Она снова была спокойна и весела. И до самого дома шла уже человек человеком.
Однако и после этого она не оставила своих мещанских ухаживаний за мной. Думаю, без ведома отца, купила и подарила мне золотое перо «самопишущее» за три рубля пятьдесят копеек. Перо мне понравилось, я соблазнился и взял, но решил припрятать до лучших времен.
С разрешения отца, хотя он и был скуп ужасно, купила наилучшего сатина темно-коричневого цвета, сняла с меня мерку и сшила рубашку с отложным воротничком, под галстук-самовяз, и сама же вышила на воротничке синие васильки. Чтобы не обижать ее и, не срамить перед отцом, я рубашку взял, смалодушничал, но надеть ее у меня не хватило духу, хотя бы показаться в ней… Тоже спрятал до лучших времен…
Сколько раз, бывало, когда отец куда-нибудь уходил из дому, она зазывала меня к себе и кормила, ровно каплуна. Как вспомню ее гречневую кашу с парной свининой, со шкварками, с которых сало так и текло, или ее котлеты, или полную сковороду поджаренной картошки, или ее сладкие сырники в масле, плававшие до самого верху в миске, — то даже теперь во рту тает! Ел я без всякого стыда, уписывая за обе щеки, потому что хотел есть. Но быть ее мужем так и не согласился.
— Неужто мне за Робейко идти? — притворно вздохнет в другой раз она и ждет, что я отвечу.
— Иди за Робейко, — безразлично отвечал я.
— Ну хорошо. Я подожду, может, еще одумаешься…
— Жди. Только зря…
Ей, наверно, надоело ждать; даже ее отец однажды не сдержался и сострил при мне:
— Ученые любятся, что коты: он ее цап — она мяукнет, она его цап — он фыр-фыр.

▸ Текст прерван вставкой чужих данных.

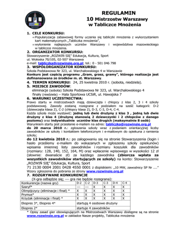 REGULAMIN 10 Mistrzostw Warszawy w Tabliczce MnoŜenia 1. CELE KONKURSU: • Popularyzacja zabawowej formy uczenia się tabliczki mnoŜenia z wykorzystaniem kart matematycznych „Tabliczka mnoŜenia”, • wyłonienie najlepszych uczniów Warszawy i województwa mazowieckiego w tabliczce mnoŜenia. 2. ORGANIZATOR KONKURSU: Stowarzyszenie „ROZWIŃ SIĘ” Edukacja, Kultura, Sport ul. Wołoska 70/105, 02-507 Warszawa e-mail: [email protected]; tel.: 0 - 501 046 798 3. WSPÓŁORGANIZATOR KONKURSU: Szkoła Podstawowa Nr 323, ul. Warchałowskiego 4 w Warszawie Konkurs jest częścią programu „Gram, grasz, gramy”, którego realizacja jest dofinansowana ze środków m. st. Warszawy. 4. TERMIN KONKURSU: 24, 25 kwietnia 2010 r. (sobota, niedziela). 5. MIEJSCE ZAWODÓW: eliminacje (sobota) Szkoła Podstawowa Nr 323, ul. Warchałowskiego 4 finały (niedziela) – Hala Sportowa UCSiR, ul. Hawajska 7 6. WARUNKI UCZESTNICTWA: Prawo startu w mistrzostwach mają dziewczęta i chłopcy z klas 2, 3 i 4 szkoły podstawowej. Zawody zostaną rozegrane z podziałem na sześć kategorii: D-2 (dziewczęta klasa 2), C-2 (chłopcy klasa 2), D-3, C-3, D-4, C-4. KaŜda szkoła moŜe wystawić: jedną lub dwie druŜyny z klas 3 , jedną lub dwie druŜyny z klas 4 (druŜynę stanowią 2 dziewczynki i 2 chłopców z danego poziomu) oraz indywidualnie uczniów klas drugich (maksymalnie 8 osób) Warunkiem startu jest przesłanie e-mailem na adres: [email protected] do 20 marca 2010 r.: zgłoszenia szkoły wraz z podaniem orientacyjnej liczby zawodników ze szkoły i kontaktem telefonicznym i e-mailowym do opiekuna z ramienia szkoły; do 12 kwietnia 2010 r.: po zalogowaniu się na stronie Stowarzyszenia (login i hasło prześlemy e-mailem do wskazanych w zgłoszeniu szkoły opiekunów) wpisania imiennej listy zawodników i rozmiaru koszulek dla zawodników (rozmiary: 128, 140, 152, 164, M) oraz wpłacenie wpisowego w wysokości 12 zł (słownie: dwanaście zł) za kaŜdego zawodnika (zbiorcza wpłata za wszystkich zawodników startujących ze szkoły) na konto: Stowarzyszenie „ROZWIŃ SIĘ” Edukacja, Kultura, Sport 71 2130 0004 2001 0428 4550 0001 z dopiskiem: „10 MW, zawodnicy SP Nr ....” Wzory zgłoszenia do pobrania ze strony www.rozwinsie.org.pl 7. ROZGRYWANE KONKURENCJE (X-gra odbędzie się; --- gra nie będzie rozegrana): Konkurencja (nazwa gry) Szeryf* Olimpijczycy (eliminacje i finał) * Prymus* KrzyŜak (eliminacje i finał) * D-2 C-2 D-3 C-3 D-4 C-4 --X X X --X X X X X X X X X X X X X X X X X X X Ekspres 3*, Ekspres 4* startują 4 osobowe druŜyny Ekspres 2* startuje 4 zawodników * Opisy zasad gier obowiązujących na Mistrzostwach Warszawy dostępne są na stronie www.rozwinsie.org.pl w zakładce Nasze projekty, Tabliczka mnoŜenia 8. PROGRAM ZAWODÓW: 1 dzień (sobota, 24 kwietnia 2010 r.): 9.00 – 16.00 – „Olimpijczycy” (eliminacje), „KrzyŜak” (eliminacje), „Prymus” i „Szeryf”. Przyjazd reprezentacji szkół według szczegółowego programu minutowego, który prześlemy do szkół po 20.04.2010 r. Czas rozegrania konkurencji przez reprezentację szkoły około 2,5 godziny. 2 dzień (niedziela, 25 kwietnia 2010r.): 10.00 Uroczyste otwarcie zawodów. 10.15-12.30 „Olimpijczycy” (finały), „KrzyŜak” (finały), „Ekspres 2”, „Ekspres 3”, „Ekspres 4” (serie na czas), „KrzyŜak” dla opiekunów reprezentacji i rodziców. 12.30-14.00 Czas wolny. Zapraszamy na poczęstunek i zabawy grami Granny. 14.00-15.00 Uroczyste zakończenie zawodów. Dekoracja zwycięzców. 9. ZASADY PUNKTACJI Zasady punktacji zostaną szczegółowo ustalone i przesłane do szkół, gdy organizatorzy poznają orientacyjną liczbę zawodników mistrzostw. 10. NAGRODY NAGRODY INDYWIDUALNIE: - za zajęcie miejsc 1-3 w klasyfikacji końcowej w kaŜdej kategorii wręczone będą dyplomy, medale i nagrody; za zajęcie miejsc 4-5 w klasyfikacji końcowej w kaŜdej kategorii wręczone będą dyplomy i nagrody; za zajęcie miejsc 1-5 w grze „KrzyŜak” w kaŜdej kategorii wręczone będą dyplomy i nagrody; za zajęcie miejsc 1-5 w grze „Olimpijczycy” w kaŜdej kategorii wręczone będą dyplomy i nagrody; KLASYFIKACJA DRYśYNOWA (dotyczy druŜyn z klas 3 i 4): - za zajęcie miejsc 1-5 w klasyfikacji druŜynowej klas 3 wręczone będą puchary i dyplomy; za zajęcie miejsc 1-5 w klasyfikacji druŜynowej klas 4 wręczone będą puchary i dyplomy; KLASYFIKACJA DRYśYNOWA „DEBIUT” (dotyczy druŜyn z klas 3 i 4) - - Za druŜynę debiutującą oprócz szkół, które wystartują po raz pierwszy w zawodach będą teŜ uznawane szkoły, które nie startowały w mistrzostwach w latach 2007-2009. za najlepszy debiut w konkursie w klasyfikacji druŜynowej klas 3 wręczone będą puchary i dyplomy dla 3 debiutujących szkół; za najlepszy debiut w konkursie w klasyfikacji druŜynowej klas 4 wręczone będą puchary i dyplomy dla 3 debiutujących szkół; GRA „EKSPRES” za zajęcie miejsc 1-5 w klasyfikacji gry „Ekspres 2”, „Ekspres 3” i „Ekspres 4” wręczone będą „ekspresy” i dyplomy. KLASYFIKACJA GENERALNA: - za zajęcie miejsc 1-5 w klasyfikacji generalnej szkół (łączne punkty lepszej druŜyny klas 3 i lepszej druŜyny klas 4 z danej szkoły) wręczone będą puchary i dyplomy; KAśDY ZAWODNIK OTRZYMA: - pamiątkową koszulkę; pamiątkowy znaczek 11. POSTANOWIENIA KOŃCOWE • • • Organizator zapewnia opiekę lekarską podczas zawodów, uczestnicy zobowiązani są do startu w obuwiu sportowym, interpretacja regulaminu naleŜy do Organizatora. Organizator 10 MWwTM Małgorzata Zambrowska

И даже мою мать пытался призвать на помощь. Мать же — ах как она хотела мне этого счастья, а себе чести! — знала, однако, мой упрямый характер и не вмешивалась. Возможно, тоже надеялась, что я одумаюсь.
II
ФРОНТ ПРИБЛИЖАЕТСЯ
Все это происходило еще в 1914 году, в самом начале войны, когда в городе мало что изменилось и лишь вокзал и улицы были забиты солдатами, как серой саранчой.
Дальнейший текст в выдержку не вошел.